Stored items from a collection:

★ ★ ★ ★ ★

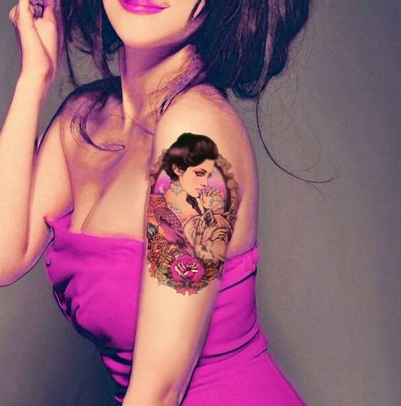 Dans ce cas, les êtres vivants réels et fictifs peuvent être dessinés. En choisissant un tel tatouage, une fille peut démontrer aux autres ses qualités personnelles.
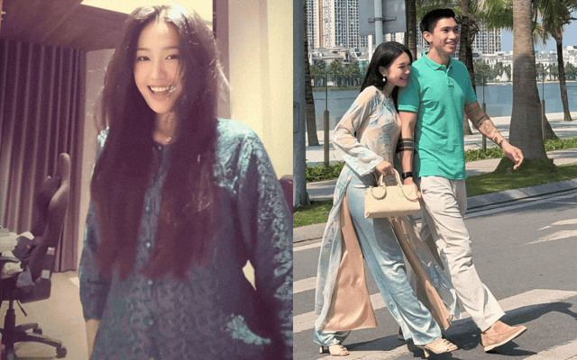 Bà xã Văn Hậu hoá tiểu thư Hà thành nền nã trong tà áo dài Tết
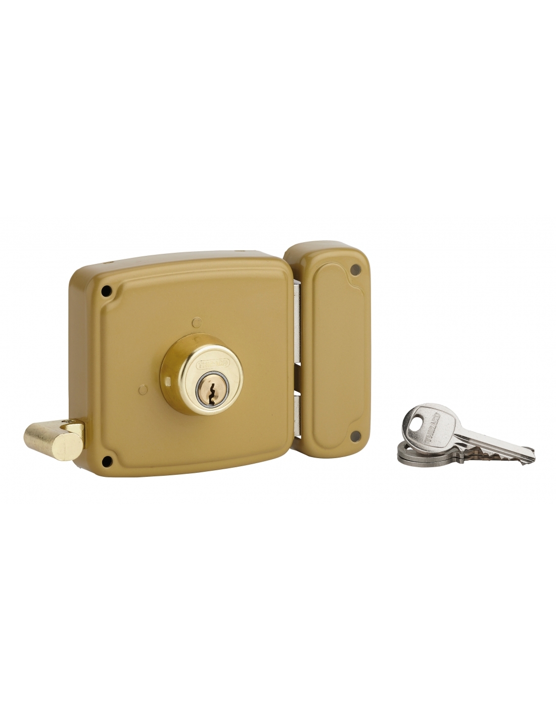 Serratura orizzontale doppia entrata, tiraggio, destra, 100x94 mm, asse 50 mm, marrone, 3 chiavi - THIRARD
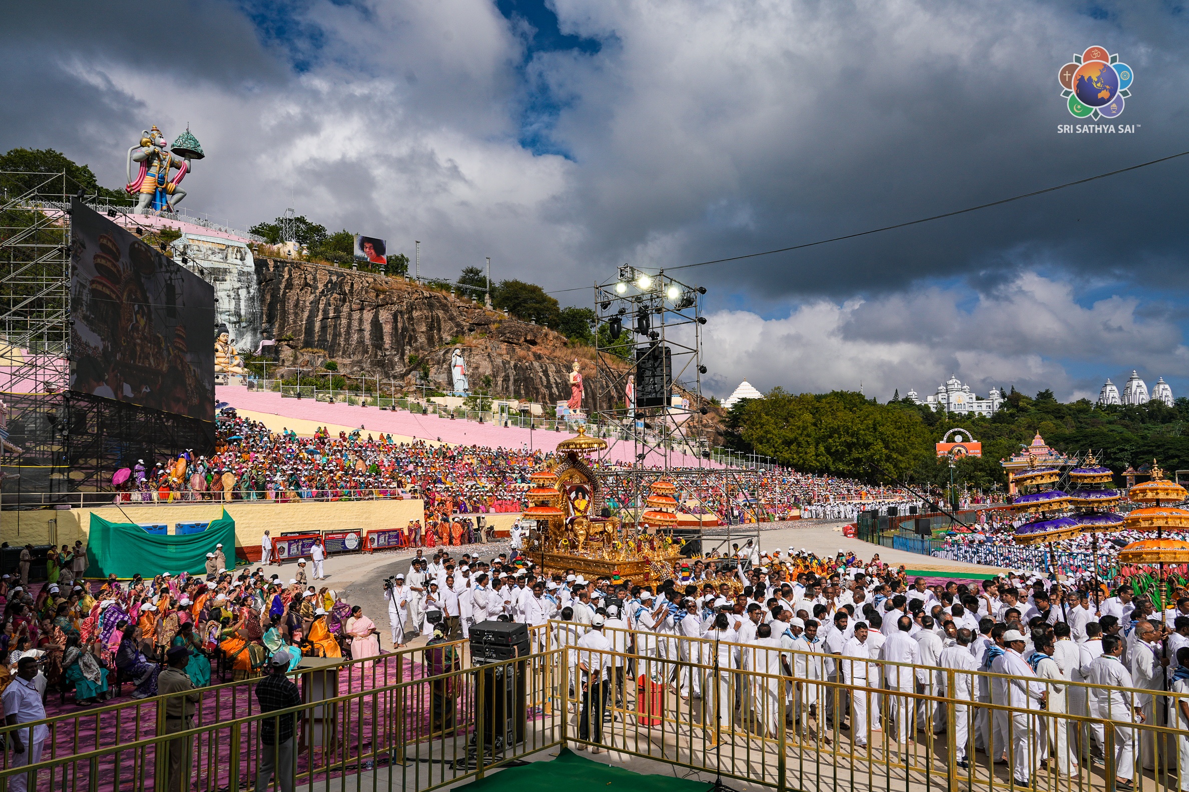 (Golden Chariot Procession) at Sri Sathya Sai Hill View Stadium.
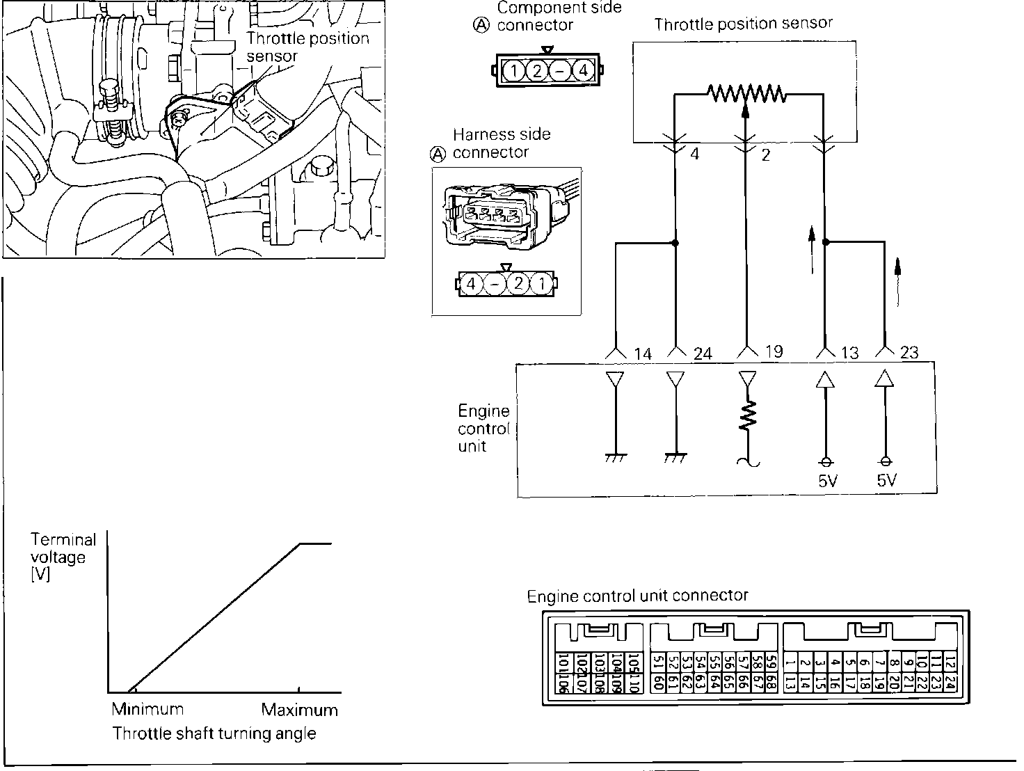 As the throttle shaft rotates, the output Voltage of the TPS changes. The ECU determines the throttle valve opening based on the output Voltage. The ECU computes throttle valve opening change (output Voltage change) and judges the engine acceleration state and accordingly corrects fuel injection amount during acceleration.
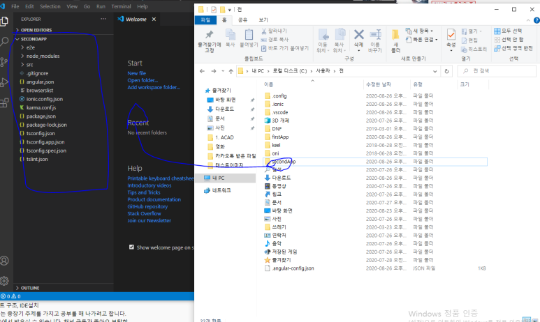- 아이오닉 기반 언어인 node.js를 설치했고
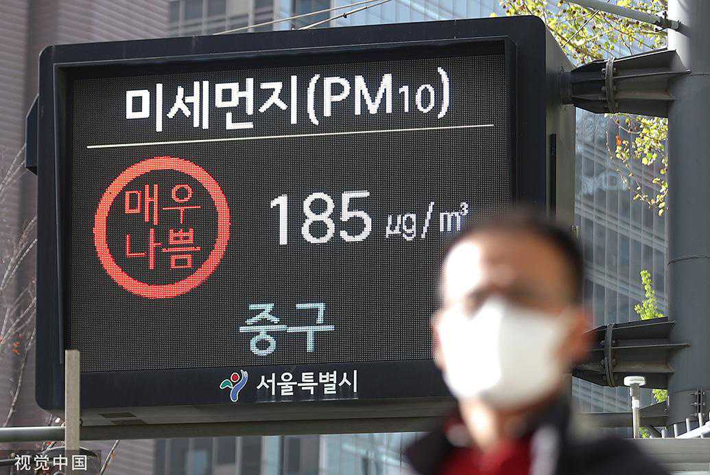 韩国国立环境科学院预测,韩国全国PM10(13日)仍将处于“非常差”的水平。

★ ★ ★ ★ ★

Assignment: Please print an exact copy of the records, with no pictures.

Answer to the problem:
 Dans ce cas, les êtres vivants réels et fictifs peuvent être dessinés. En choisissant un tel tatouage, une fille peut démontrer aux autres ses qualités personnelles.
 Bà xã Văn Hậu hoá tiểu thư Hà thành nền nã trong tà áo dài Tết
 Serratura orizzontale doppia entrata, tiraggio, destra, 100x94 mm, asse 50 mm, marrone, 3 chiavi - THIRARD
 (Golden Chariot Procession) at Sri Sathya Sai Hill View Stadium.
 As the throttle shaft rotates, the output Voltage of the TPS changes. The ECU determines the throttle valve opening based on the output Voltage. The ECU computes throttle valve opening change (output Voltage change) and judges the engine acceleration state and accordingly corrects fuel injection amount during acceleration.
- 아이오닉 기반 언어인 node.js를 설치했고
 韩国国立环境科学院预测,韩国全国PM10(13日)仍将处于“非常差”的水平。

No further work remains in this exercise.